===== Data segment
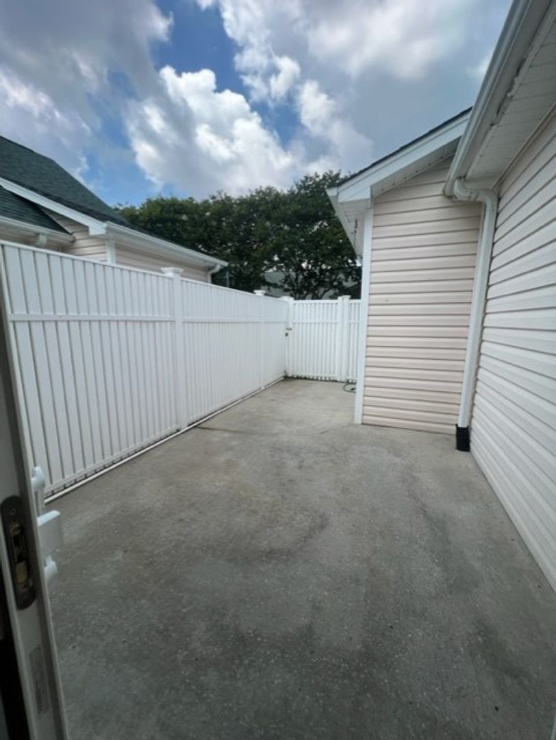 This beautiful 2 bedroom, 2 bath condo is located in the sought-after community of Willoughby Park, the open concept unit features an electric fireplace, wood floors throughout, a large laundry room, and lots of closets & storage. The sliding glass doors off the living area lead to a fenced patio area with a storage room. The Kitchen includes a breakfast bar and walk-in pantry and is set to the right allowing the chef to be part of the conversation but keeping prep conveniently hidden behind the raised bar, and is Complete with disposal, dishwasher, built-in microwave, stove, refrigerator and an abundance of counter and cabinet space, you'll enjoy cooking in this well-designated space. The Primary suite includes a large walk-in closet as well as a secondary closet & large connected bathroom.Willoughby Park is Convenient location in Monkey Junction that's just minutes to the hospital, midtown shopping and dining, 9 miles to Carolina Beach, and 15 minutes to Historic Downtown Wilmington where you will enjoy fine dining, Broadway shows, concerts, and a vibrant nightlife. You can't beat the location and the opportunity to start living your best life on the coast! Residents of Willoughby Park enjoy a community pool.
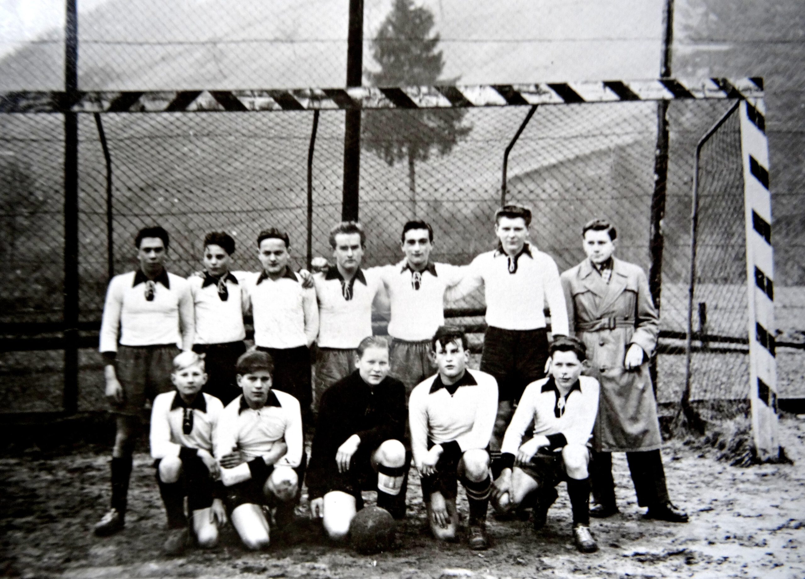732 Motorradausflügler um 1950 am Brandenkopf (Ludwig Winterer, Bernhard Schuler, Ilse Rauber, Josef Vollmer, unbekannte Person, Karl Gebert – vier Grünacher und Ilse Rauber!)
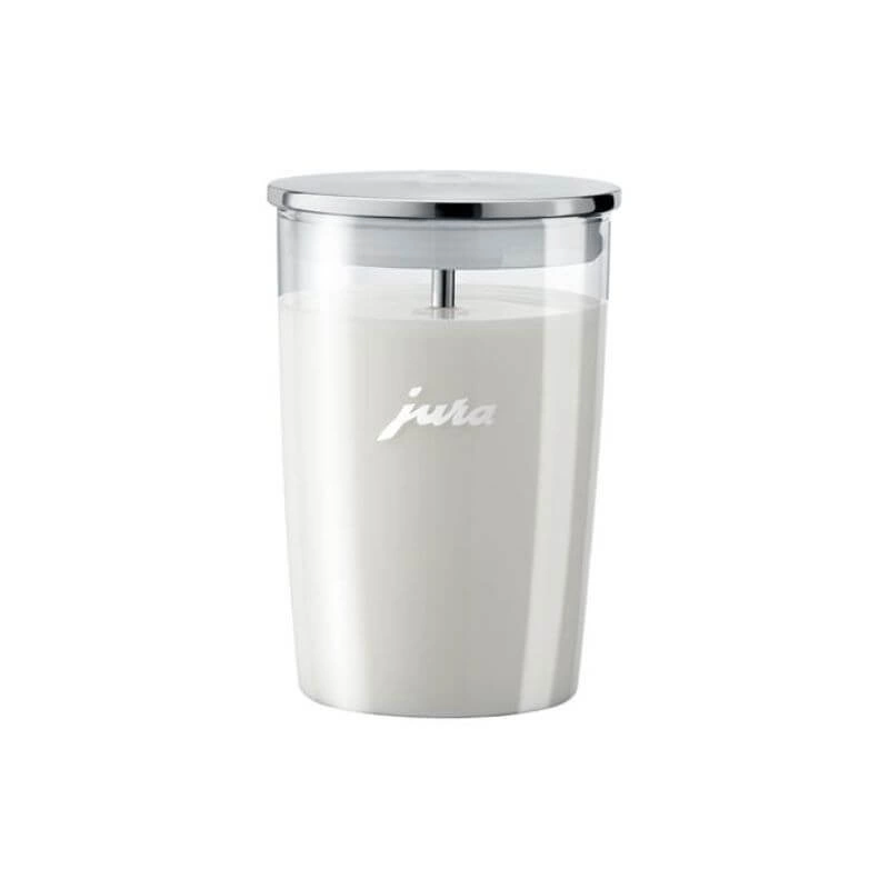 Pojemnik ze szkła na mleko stanowi doskonałe rozwiązanie dla pasjonatów kawowych delikatności, którzy od czasu do czasu pragną rozkoszować się napojami przygotowanymi z mlekiem lub pianką mleczną. Stworzony jako higieniczna alternatywa do przechowywania mleka w jego oryginalnym opakowaniu (kartonie lub plastikowej butelce), ten pojemnik o wzornictwie nawiązującym do urządzeń JURA wykonany jest z wytrzymałego szkła hartowanego.
==========
[Exercise brief]
Pictures stay out; reproduce exactly the lines from the one containing "732 Motorradausflügler um" through the last line of the listing, both included.

[Exercise result]
732 Motorradausflügler um 1950 am Brandenkopf (Ludwig Winterer, Bernhard Schuler, Ilse Rauber, Josef Vollmer, unbekannte Person, Karl Gebert – vier Grünacher und Ilse Rauber!)
 Pojemnik ze szkła na mleko stanowi doskonałe rozwiązanie dla pasjonatów kawowych delikatności, którzy od czasu do czasu pragną rozkoszować się napojami przygotowanymi z mlekiem lub pianką mleczną. Stworzony jako higieniczna alternatywa do przechowywania mleka w jego oryginalnym opakowaniu (kartonie lub plastikowej butelce), ten pojemnik o wzornictwie nawiązującym do urządzeń JURA wykonany jest z wytrzymałego szkła hartowanego.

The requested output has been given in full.